In that moment, in the dark of that darkest night, I agreed. My children would be better off without my presence.

 

As night descended, my thoughts also turned toward the dark. There, alone in the bedroom I shared with my husband, I stumbled down a path on which I almost got lost.

I thought of the night my oldest son entered this world. How I rocked him in the chair with tears streaming down my face, overcome with guilt and fear; panicked about finally being given a child to parent.

I thought about the time I left him in his crib to cry. I walked outside and sat in the blooming lilies and cried tears of desperation.

Flashes of all the ways I failed him kept popping into mind, slow at first and then fast and furious. The time I smacked his mouth for biting. The time I yelled so loud he ran all the way to his bedroom as fast as his toddler legs could carry him; I found him buried under his blankets, crying and red-faced. Any and every harsh word, disconnected moment, aggravated feeling, and frustrated outburst—they swirled around me, taunting.

And then the timeline opened up to include his younger brother and all the ways I failed him as well.

Like the time I stepped on his hand in our living room while dancing through the diaper laundry and strewn toys; why didn’t I just clean up first? Another check in the box for reasons I couldn’t be a good wife, a good mother, a good anything.

Of course, they’re older now, not just babies, so the progression of wrongs kept growing, kept building upon the last. The words I’ve used when I thought they weren’t in ear shot or forgotten they were in the car or just plain old didn’t care. The times I’ve told them to shut up or asked them simply to go away. The times I’ve been too busy to play LEGO or read through a book or draw a picture or simply be their mother, present and willing to do any and everything with them.

I stacked the grievances higher and higher.

And then my daughter sat down in my brain, and said, “Oh no, don’t you forget about me.”

As if she needed to remind me of all the ways I’ve failed her. I carry those closest; I use them against myself on a daily basis, not just in moments of mental health crisis. I blame myself for each and every one of her struggles, her anger, her questions, her fear. I tell myself if I had been the mother I needed to be at the time she needed me to be, things would be different for her.

All my fault. All my fault. All my fault.

These failures, however real or imagined, trite or life-altering, remained the only thing on which I could focus that night. I couldn’t see the good. I couldn’t remember all the ways in which I have loved, supported, nurtured, cared for, and lifted up each of my three children. I simply saw the ways in which I have harmed, failed, neglected, abandoned, broken, or hurt the three most beautiful beings in my life.
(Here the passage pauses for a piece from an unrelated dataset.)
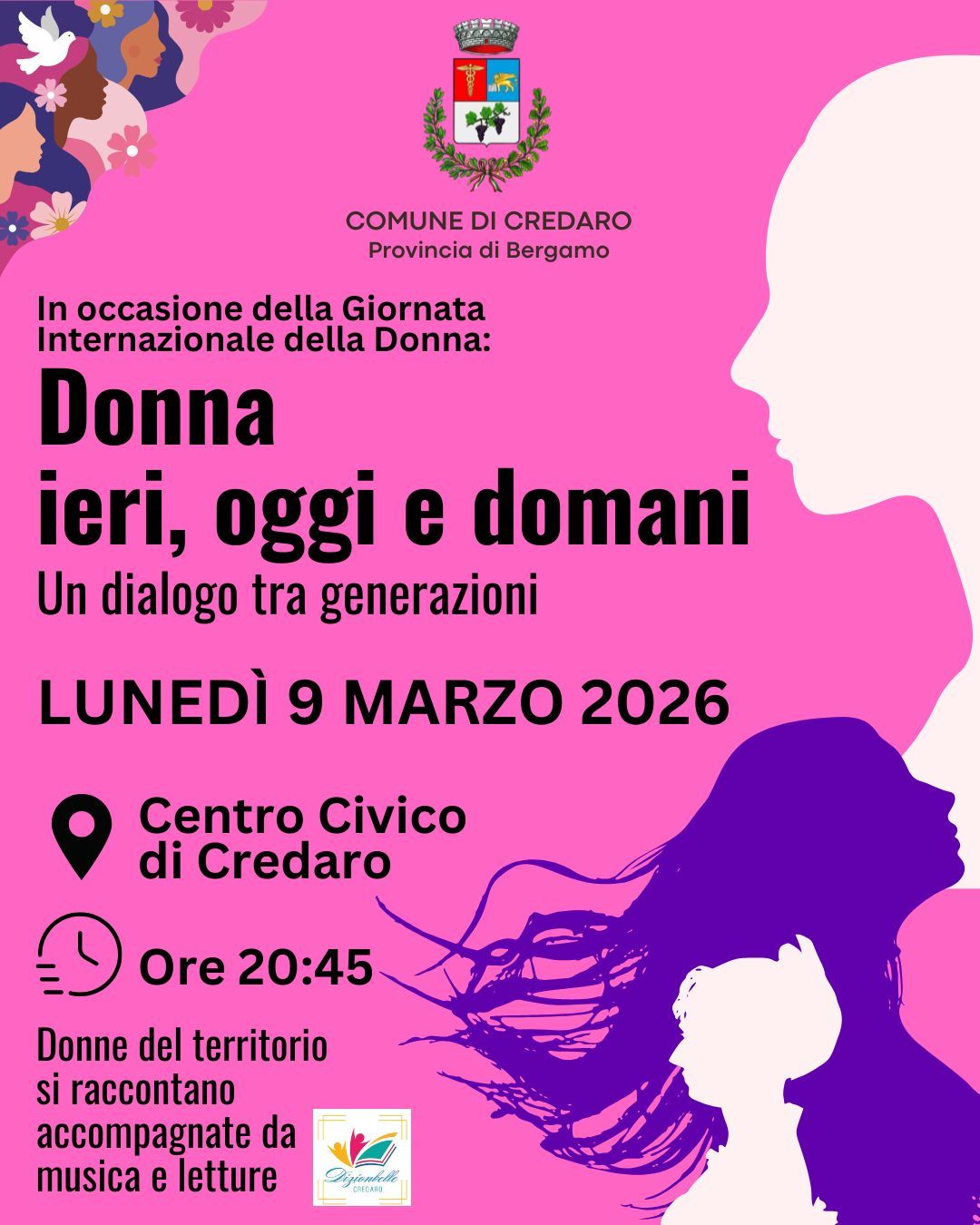 In occasione della Giornata Internazionale della Donna, lunedì 9 marzo, alle ore 20:45, presso il Centro Civico di Credaro, si terrà l’incontro “Donna ieri, oggi e domani. Un dialogo tra generazioni” in cui donne del territorio si raccontano accompagnate da musica e letture.

“Who does those things? Who says the things that you’ve said? A bad mother,” the voice taunted. I believed it, to the core of my being. I knew, without a doubt, that no other mother on the face of this planet made the same mistakes, said the same things, or acted in the same ways.

“They’d be better off without you.”

And I agreed.

In that moment, in the dark of that darkest night, I agreed. My children would be better off without my presence. My sons would thrive easier without me. My daughter could then look at what I’d done in the end and realize, yes, she was better off with her adoptive mom. They’d all look back and think, “We really dodged a bullet there.”

I didn’t come to the decision to end my life based on the oft-claimed selfish desire to end my pain. No, I believed I deserved the pain. But I felt my children deserved more—more without me holding them down or back. I listened to the dark lie of depression and believed every nuance and syllable. I couldn’t see beyond my fear that I was hurting my children simply by existing.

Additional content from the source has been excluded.